Karayollarında hayata geçirilen
projeler ve başarıların birer gurur kaynağı olduğunun altını çizen Uraloğlu,
“Sanayi gelişir, ülke kalkınır, ekonomi büyür, istihdam oluşur. 85 milyon
vatandaşımız hem birbirine kavuşur hem de evine helal rızık götürür. Yani yol;
tıpkı enerji, teknoloji, inovasyon gibi ekonominin, üretimin, sanayinin bel
kemiğidir.
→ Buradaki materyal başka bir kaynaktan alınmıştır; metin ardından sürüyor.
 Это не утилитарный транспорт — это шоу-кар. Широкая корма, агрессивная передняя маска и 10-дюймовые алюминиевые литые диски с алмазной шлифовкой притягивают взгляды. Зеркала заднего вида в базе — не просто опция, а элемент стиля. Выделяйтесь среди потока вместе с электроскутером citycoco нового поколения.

Bugün, Türkiye’nin her tarafında Bölgelerde, Şubelerde, Şantiyelerde
görev yapan binlerce on binlerce arkadaşımızın, yüklenicimizin,
altyüklenicimizin bu projelerin gerçekleştirilmesinde ciddi katkıları vardır.
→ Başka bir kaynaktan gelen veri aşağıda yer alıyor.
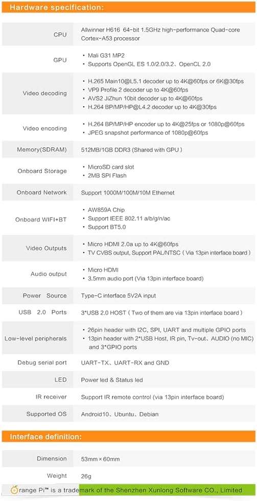 Orange Pi Zero2 adopts Allwinner H616 64-bit high-performance quad-core Cortex-A53 processor, the sbc has 1GB DDR3 memory specifications, Support 1000MB Network, Run Android 10,Ubuntu,Debian OS Single Board. Orange Pi Zero Expansion board Interface board Development board beyond Raspberry Pi.

Bu vesileyle gece gündüz demeden çalışan siz değerli Karayolcu arkadaşlarıma;
yollarımızın planlanmasından projelendirilmesine, yapımından bakımına kadar
verdiğiniz emek için teşekkür etmek istiyorum.” şeklinde konuştu.
“Kamuda Tasarruf İlkesini Gözden
Kaçırmayacağız”
Bundan sonraki süreçte de başarıları
sürdürerek ve daha da ileriye taşıyarak kararlı bir şekilde çalışmaya devam
edeceklerini vurgulayan Bakan Uraloğlu konuşmasını şöyle sürdürdü:
“Bu bağlamda hem ulusal hem de
uluslararası pazar dinamiklerindeki değişime uyum sağlayan entegre, insan ve
çevre odaklı, güvenli, hızlı ve konforlu bir ulaşım ağı geliştirmek ve daha
güçlü bir Türkiye inşa etmek için birlikte hareket etmeye devam edeceğiz.
Bundan sonraki çalışmalarımızda da her adımı birlikte atacağımızdan, hizmet
bayrağını devraldığımız noktadan çok daha ilerilere götüreceğimizden ve çalışma
motivasyonunuzun yükselmesinde elimizden geleni yapacağımızdan emin olmanızı
istiyorum. Çalışmalarınızda maddi ve manevi desteğimiz konusunda tereddüt
yaşamayın, kaynak temini için elimizden gelen her imkânı seferber edeceğiz. Ancak,
bugüne kadar olduğu gibi bundan sonra da kamuda tasarruf ilkesini gözden
kaçırmayarak; kamu kaynaklarının efektif kullanımı konusunda azami dikkati
göstermenizi özellikle istirham ediyorum. 2024 yılında yapılacak tüm
çalışmaların bütçede ayrılan ödenekler ve yapılan planlamalar çerçevesinde
olmasını istiyorum. Bu duygularla, 74’üncüsü düzenlenen Bölge Müdürleri
toplantısının, bugüne kadar elde edilen tecrübeler ışığında; içinde
bulunduğumuz bilgi ve iletişim çağının gereklerine uygun kararlar alınması
açısından verimli geçmesini temenni ediyorum.”